No picture belongs in the answer, which must hold exactly the lines from the one with "Fig. 4 Part" through the final line below.

Top of Recorded information

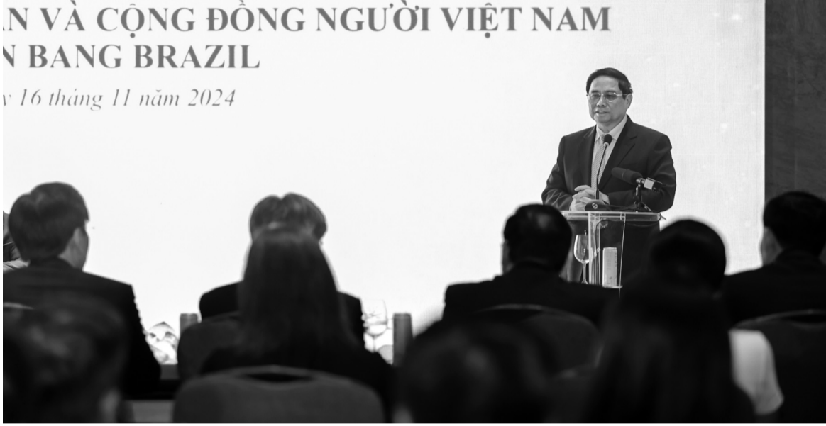
● Thủ tướng Phạm Minh Chính phát biểu tại buổi gặp gỡ cán bộ, nhân viên Đại sứ quán và cộng đồng người Việt Nam tại Brazil.

Chiều tối 16/11 theo giờ địa phương, ngay sau khi tới Rio de Janeiro, Thủ tướng Chính phủ Phạm Minh Chính và Phu nhân có buổi gặp gỡ cán bộ, nhân viên Đại sứ quán và cộng đồng người Việt Nam tại Cộng hòa Liên bang Brazil.
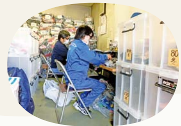
東北環境事業センターで サイズ分けしています!

汚れがなく、リユースできるもの であれば少量でも受け付けます。 ※事前に洗濯などをお願いします。
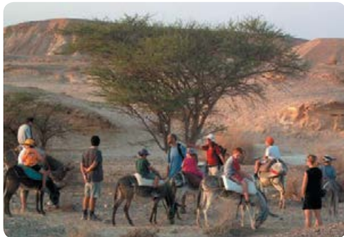
חאן דרך הבשמים
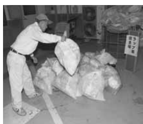
ラップ系ごみは、RDF施設に投入せず、委託業者により焼却処理をしています。
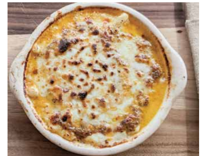
Beef Mac and Cheese
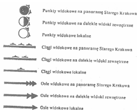
Ryc. 4 Fragment legendy odnoszący się do elementów kompozycji przestrzennej. Źródło/Source: BP UMK.

Fig. 4 Part of captions to General Spatial Plan, concerning the composition aspect of the plan's graphical part.
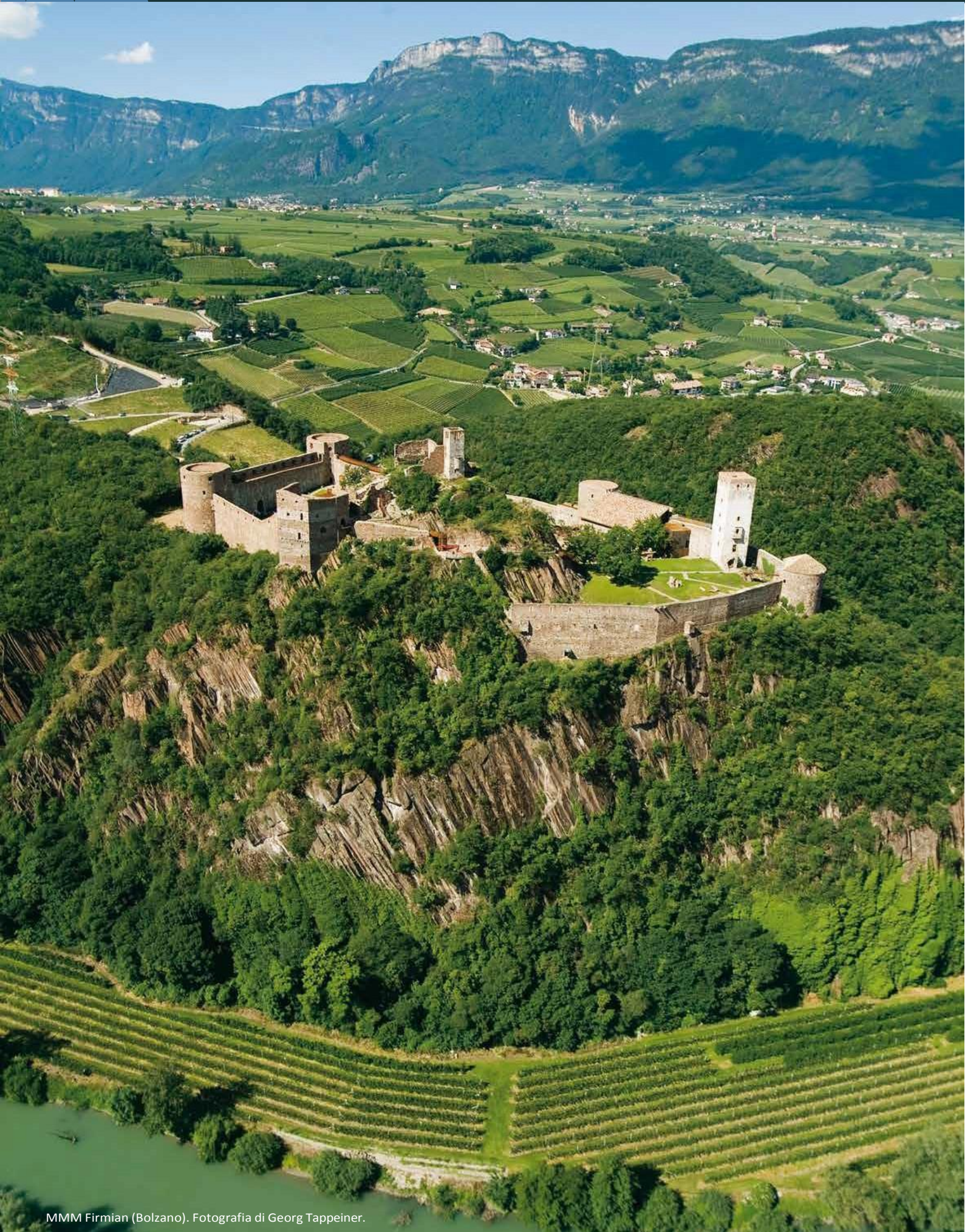
MMM Firmian (Bolzano).
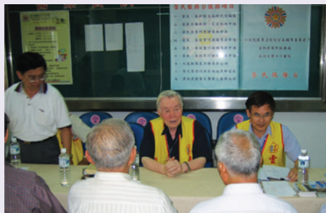
本處於成大醫院斗六分院設置之服務台（94.10）。

因應雲林地區狹長地形及遵奉高前主任委員服務理念，於臺西、四湖、東勢等鎮，設置服務點，除便利偏遠地區榮民洽辦事務外，更代表服務處服務工作深入基層的決心。再因本縣無會屬榮民醫院，使轄區榮民無法享受與其他縣市同等的醫療資源，經過本處不記名電話調查榮民就醫狀況，以前國軍斗六醫院（現為成大斗六分院）就醫人數最多，為能有效服務榮民，遂與該院協調並獲熱忱支持，於該院設置服務台，提供榮民即時之服務。

Bottom of Recorded information

:: Answer below ::
Fig. 4 Part of captions to General Spatial Plan, concerning the composition aspect of the plan's graphical part.
MMM Firmian (Bolzano).
本處於成大醫院斗六分院設置之服務台（94.10）。

因應雲林地區狹長地形及遵奉高前主任委員服務理念，於臺西、四湖、東勢等鎮，設置服務點，除便利偏遠地區榮民洽辦事務外，更代表服務處服務工作深入基層的決心。再因本縣無會屬榮民醫院，使轄區榮民無法享受與其他縣市同等的醫療資源，經過本處不記名電話調查榮民就醫狀況，以前國軍斗六醫院（現為成大斗六分院）就醫人數最多，為能有效服務榮民，遂與該院協調並獲熱忱支持，於該院設置服務台，提供榮民即時之服務。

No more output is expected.